**TASK TO COMPLETE**
Find the line that holds "One electronically tested", then repeat it and each line below it word for word through the end of the listing, leaving out pictures.

**PROVIDED MATERIAL**
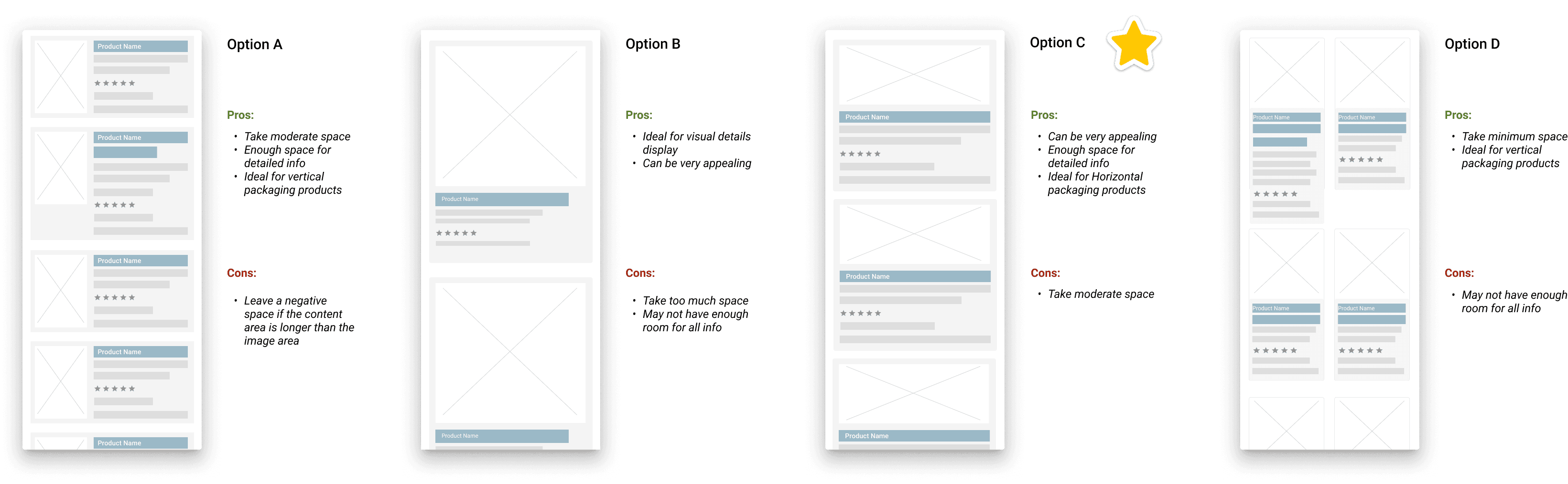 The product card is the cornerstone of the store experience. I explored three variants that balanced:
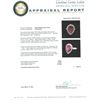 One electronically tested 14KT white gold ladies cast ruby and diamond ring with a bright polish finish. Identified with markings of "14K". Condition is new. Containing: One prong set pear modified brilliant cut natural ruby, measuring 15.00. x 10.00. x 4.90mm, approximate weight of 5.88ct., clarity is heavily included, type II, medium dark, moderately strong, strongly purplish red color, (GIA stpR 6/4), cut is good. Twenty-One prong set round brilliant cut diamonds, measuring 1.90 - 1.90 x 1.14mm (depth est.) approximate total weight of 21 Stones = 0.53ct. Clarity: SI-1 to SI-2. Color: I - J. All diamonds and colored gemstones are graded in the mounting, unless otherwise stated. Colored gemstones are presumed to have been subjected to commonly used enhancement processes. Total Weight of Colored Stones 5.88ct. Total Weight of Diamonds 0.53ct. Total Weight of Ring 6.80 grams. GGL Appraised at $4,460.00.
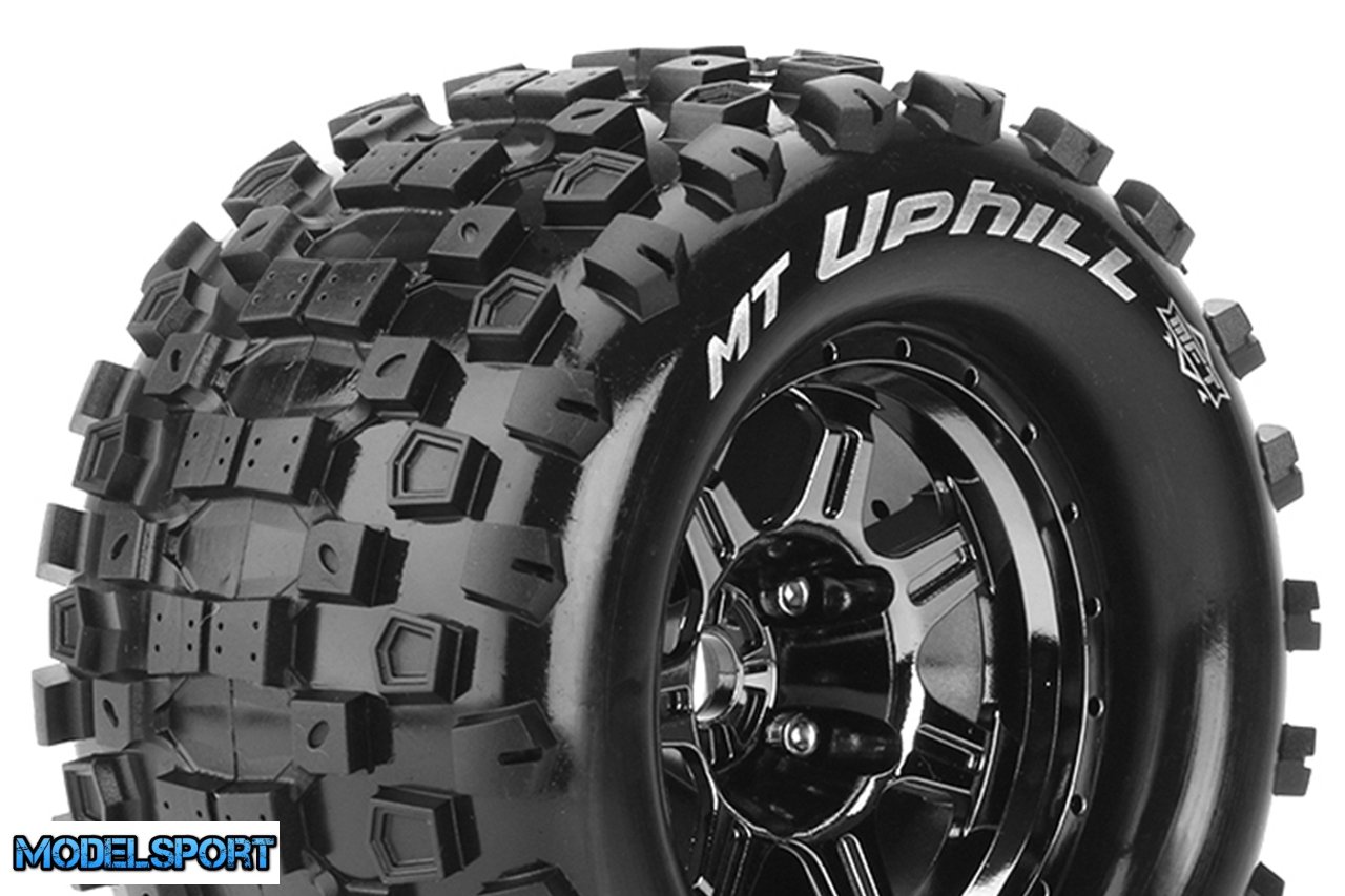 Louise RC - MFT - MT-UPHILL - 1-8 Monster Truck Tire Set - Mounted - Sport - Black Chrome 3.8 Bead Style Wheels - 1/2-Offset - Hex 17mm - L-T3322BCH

**SOLUTION BELOW**
 One electronically tested 14KT white gold ladies cast ruby and diamond ring with a bright polish finish. Identified with markings of "14K". Condition is new. Containing: One prong set pear modified brilliant cut natural ruby, measuring 15.00. x 10.00. x 4.90mm, approximate weight of 5.88ct., clarity is heavily included, type II, medium dark, moderately strong, strongly purplish red color, (GIA stpR 6/4), cut is good. Twenty-One prong set round brilliant cut diamonds, measuring 1.90 - 1.90 x 1.14mm (depth est.) approximate total weight of 21 Stones = 0.53ct. Clarity: SI-1 to SI-2. Color: I - J. All diamonds and colored gemstones are graded in the mounting, unless otherwise stated. Colored gemstones are presumed to have been subjected to commonly used enhancement processes. Total Weight of Colored Stones 5.88ct. Total Weight of Diamonds 0.53ct. Total Weight of Ring 6.80 grams. GGL Appraised at $4,460.00.
 Louise RC - MFT - MT-UPHILL - 1-8 Monster Truck Tire Set - Mounted - Sport - Black Chrome 3.8 Bead Style Wheels - 1/2-Offset - Hex 17mm - L-T3322BCH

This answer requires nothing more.